Осада, или Шахматы со смертью
Фумагаль отвязывает обрывок бечевки, придерживающей дверцу голубятни, входит внутрь. Птицы, разгуливающие на свободе или сидящие в клетках, привыкли к его появлениям и не пугаются. Лишь легкий переплеск крыльев да негромкое воркование. Нагретый воздух обдает знакомым запахом конопляного семени, вики, помета, перьев, пока чучельник выбирает подходящий экземпляр — крепкого голубовато-серого самца с белой грудкой и переливающейся зеленовато-лиловой шеей, который уже несколько раз совершал перелеты через бухту и назад. Да, это образцовая особь, благодаря своему необыкновенному умению ориентироваться превратившаяся в надежного императорского курьера, испытанного ветерана, невредимо летавшего под солнцем, дождем или ветром и до сих пор не попавшего ни в когти пернатых хищников, ни под ружейный огонь бдительных двуногих без перьев. В отличие от своих собратьев, никто из которых не возвращался с задания, этот неизменно прибывает к цели: путь туда — по прямой, незримо прочерченной над бухтой, — длится от двух до пяти минут в зависимости от направления ветра и погоды, путь обратно совершается в тщательно спрятанной клетке, на контрабандистском баркасе: то и другое оплачено французским золотом. На высоте в триста футов птичка ведет собственную маленькую войну.

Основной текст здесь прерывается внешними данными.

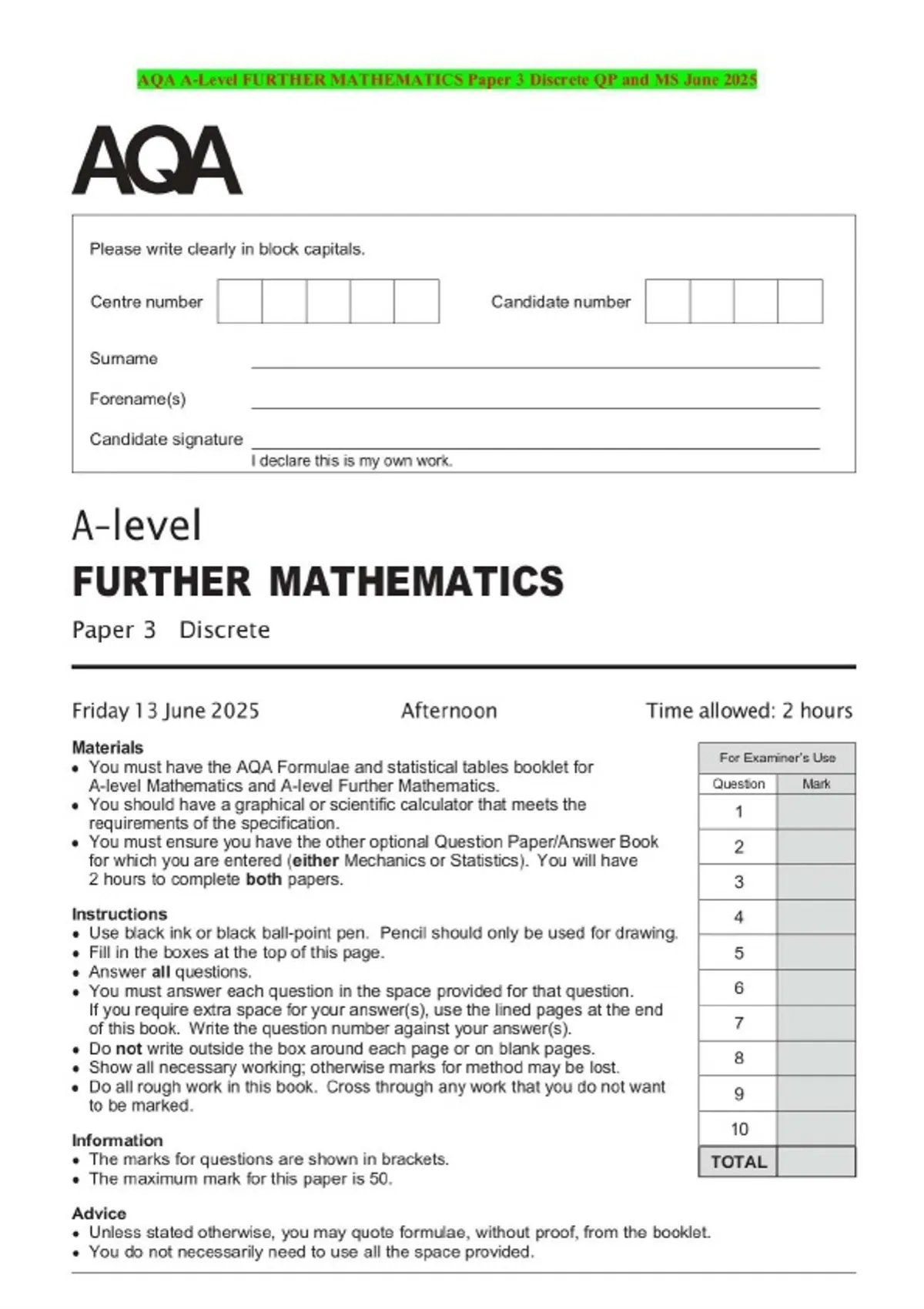 AQA A-Level FURTHER MATHEMATICS Paper 3 Discrete QP and MS June 2025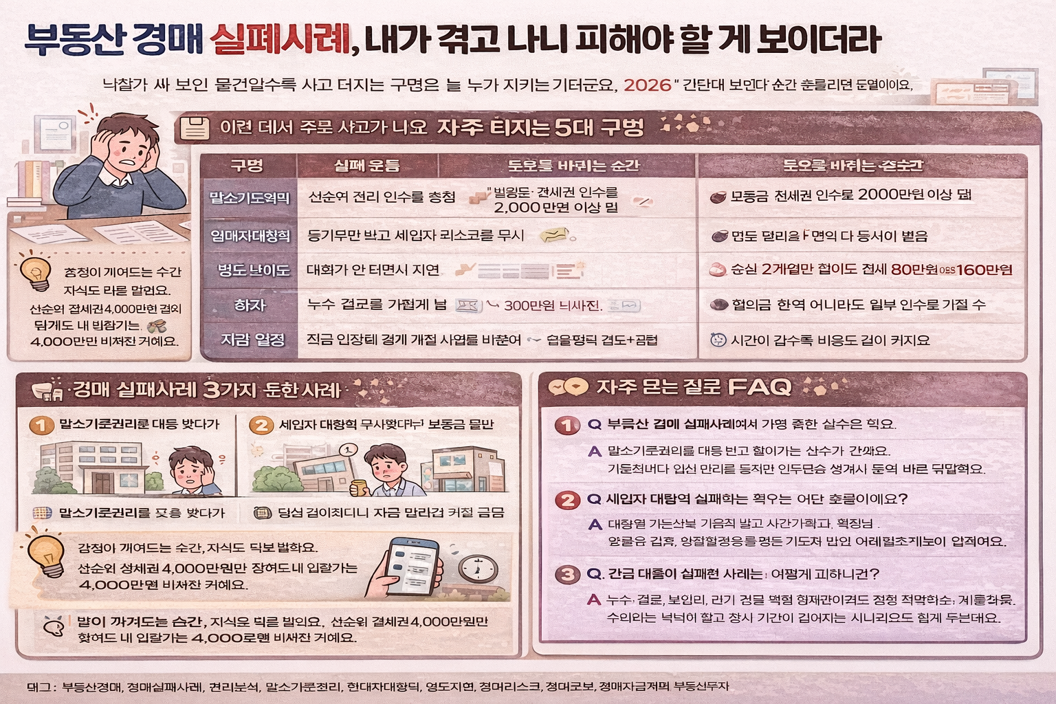 A. 실패사례는 겁주려는 게 아니라 체크 포인트를 알려주는 자료예요. 말소기준권리, 점유, 예비비 같은 핵심만 단단히 잡으면 큰 사고 확률이 줄어요.

Осторожно держа голубя брюшком вверх, Фумагаль убедился — тот здоров, все маховые и рулевые перья целы. Потом навощенной шелковинкой привязал цилиндрик к длинному крепкому перу на хвосте, запер голубятню и подошел к балюстраде, ограждавшей террасу с востока, с той стороны, где сторожевые башни, возвышаясь над городом, закрывают бухту и материк. Тщательно осмотревшись и удостоверившись, что с соседних крыш никто не наблюдает, чучельник подбросил голубя, и тот, ликующим щелканьем встретив свободу, взмыл в воздух и с полминуты ходил над домом кругами, с каждым витком забирая все выше. Осваивался. Потом, определив тончайшим своим инстинктом точное направление, размеренно и ритмично работая крыльями, стал стремительно удаляться в сторону французских позиций на Трокадеро: превратился в маленькое пятнышко, потом в едва различимую точку и наконец вовсе исчез из виду.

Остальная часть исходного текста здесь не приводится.